Food prices across the world rose by 6% in July, fuelling concerns over a new food crisis.
The Food and Agriculture Organisation of the United Nations (FAO) warned there is a risk countries could start to impose export bans amid the price hikes.
The UN agency said grain and sugar costs have climbed as extreme weather has driven global food prices up.
In the US alone, widespread drought continues to damage corn crops, which according to the organisation's food price index pushed the cost of maize up by 23%.
The index which measures the monthly change in international prices of a basket of food commodities also showed the cost of cereal rose by 17% and sugar was up by 12%.
The July increases follow a three month decline, which was broken by heavy rain across Brazil, the world's biggest sugar exporter, which hindered sugarcane harvesting.

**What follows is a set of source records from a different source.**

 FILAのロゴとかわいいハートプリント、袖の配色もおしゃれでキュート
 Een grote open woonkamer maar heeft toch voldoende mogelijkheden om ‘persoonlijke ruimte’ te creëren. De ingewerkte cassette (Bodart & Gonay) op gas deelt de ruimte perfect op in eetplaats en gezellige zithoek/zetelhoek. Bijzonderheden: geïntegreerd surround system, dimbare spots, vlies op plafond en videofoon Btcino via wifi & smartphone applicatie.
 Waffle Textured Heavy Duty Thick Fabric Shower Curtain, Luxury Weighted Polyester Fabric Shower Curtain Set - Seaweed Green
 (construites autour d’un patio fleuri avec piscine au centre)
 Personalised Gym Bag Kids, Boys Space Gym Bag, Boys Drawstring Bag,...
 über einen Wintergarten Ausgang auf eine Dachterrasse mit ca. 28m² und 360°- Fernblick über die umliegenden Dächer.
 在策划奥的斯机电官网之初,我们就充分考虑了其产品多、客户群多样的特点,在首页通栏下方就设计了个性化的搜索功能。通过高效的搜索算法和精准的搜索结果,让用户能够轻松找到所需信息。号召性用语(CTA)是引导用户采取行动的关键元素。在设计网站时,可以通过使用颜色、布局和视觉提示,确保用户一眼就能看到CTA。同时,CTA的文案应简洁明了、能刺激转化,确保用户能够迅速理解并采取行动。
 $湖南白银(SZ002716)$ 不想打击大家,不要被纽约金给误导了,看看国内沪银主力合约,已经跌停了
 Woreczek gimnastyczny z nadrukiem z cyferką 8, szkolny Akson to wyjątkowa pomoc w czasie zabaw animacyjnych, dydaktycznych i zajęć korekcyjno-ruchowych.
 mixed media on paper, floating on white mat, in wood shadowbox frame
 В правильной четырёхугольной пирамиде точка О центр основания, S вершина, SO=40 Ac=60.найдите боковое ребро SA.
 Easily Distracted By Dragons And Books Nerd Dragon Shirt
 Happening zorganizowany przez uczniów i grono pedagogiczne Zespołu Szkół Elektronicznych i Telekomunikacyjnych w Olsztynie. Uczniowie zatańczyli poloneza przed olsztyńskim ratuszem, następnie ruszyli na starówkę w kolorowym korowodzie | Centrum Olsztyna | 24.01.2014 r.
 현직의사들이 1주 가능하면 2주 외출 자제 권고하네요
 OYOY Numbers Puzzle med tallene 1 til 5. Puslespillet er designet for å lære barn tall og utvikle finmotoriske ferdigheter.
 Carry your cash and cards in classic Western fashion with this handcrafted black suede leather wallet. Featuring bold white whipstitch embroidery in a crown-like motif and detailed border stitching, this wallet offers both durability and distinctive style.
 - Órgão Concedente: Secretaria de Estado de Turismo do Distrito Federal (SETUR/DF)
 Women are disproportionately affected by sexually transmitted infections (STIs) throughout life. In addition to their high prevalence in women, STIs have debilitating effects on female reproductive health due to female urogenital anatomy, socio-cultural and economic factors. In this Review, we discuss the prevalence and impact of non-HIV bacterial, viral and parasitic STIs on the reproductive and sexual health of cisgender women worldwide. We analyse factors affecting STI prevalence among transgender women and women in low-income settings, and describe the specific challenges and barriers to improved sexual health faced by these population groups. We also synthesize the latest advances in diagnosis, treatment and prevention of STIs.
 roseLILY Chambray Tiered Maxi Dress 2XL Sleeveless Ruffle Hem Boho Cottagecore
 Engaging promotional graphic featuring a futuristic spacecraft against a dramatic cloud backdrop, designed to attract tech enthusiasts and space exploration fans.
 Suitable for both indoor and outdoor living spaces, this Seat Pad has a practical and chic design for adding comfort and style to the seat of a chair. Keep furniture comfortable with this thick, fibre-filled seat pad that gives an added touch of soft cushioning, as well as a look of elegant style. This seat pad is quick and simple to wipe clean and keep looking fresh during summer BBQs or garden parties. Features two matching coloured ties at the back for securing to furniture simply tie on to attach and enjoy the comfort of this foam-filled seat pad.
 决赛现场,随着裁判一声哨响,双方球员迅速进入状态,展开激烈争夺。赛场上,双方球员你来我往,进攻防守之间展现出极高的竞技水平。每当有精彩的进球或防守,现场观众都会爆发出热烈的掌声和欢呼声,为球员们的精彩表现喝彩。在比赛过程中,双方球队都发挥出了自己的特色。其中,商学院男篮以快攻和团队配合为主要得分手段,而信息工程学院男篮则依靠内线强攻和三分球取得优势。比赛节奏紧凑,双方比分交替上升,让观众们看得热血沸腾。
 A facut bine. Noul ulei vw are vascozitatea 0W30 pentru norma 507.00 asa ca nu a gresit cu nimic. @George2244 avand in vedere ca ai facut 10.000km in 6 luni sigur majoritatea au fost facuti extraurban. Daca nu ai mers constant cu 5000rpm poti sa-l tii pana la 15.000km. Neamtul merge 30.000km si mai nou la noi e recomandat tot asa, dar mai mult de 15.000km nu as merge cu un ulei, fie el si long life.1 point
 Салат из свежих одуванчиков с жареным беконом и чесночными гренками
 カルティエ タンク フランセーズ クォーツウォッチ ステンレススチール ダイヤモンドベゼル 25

Responding to the FAO figures Oxfam said it was a "global alarm" and called on governments across the world to tackle spiking food prices that are causing people in developing countries to go hungry.
Oxfam's head of economic justice policy, Hannah Stoddart said in a statement: "These latest figures prove yet again that there is something fundamentally flawed in the way we produce and distribute food around the world."
The FAO is tasked with reducing world hunger at a time of near-record high food prices.
It comes as the cost of tea soared to a two and a half year high following poor weather in Kenya and warnings that the price of cocoa is also set to go up.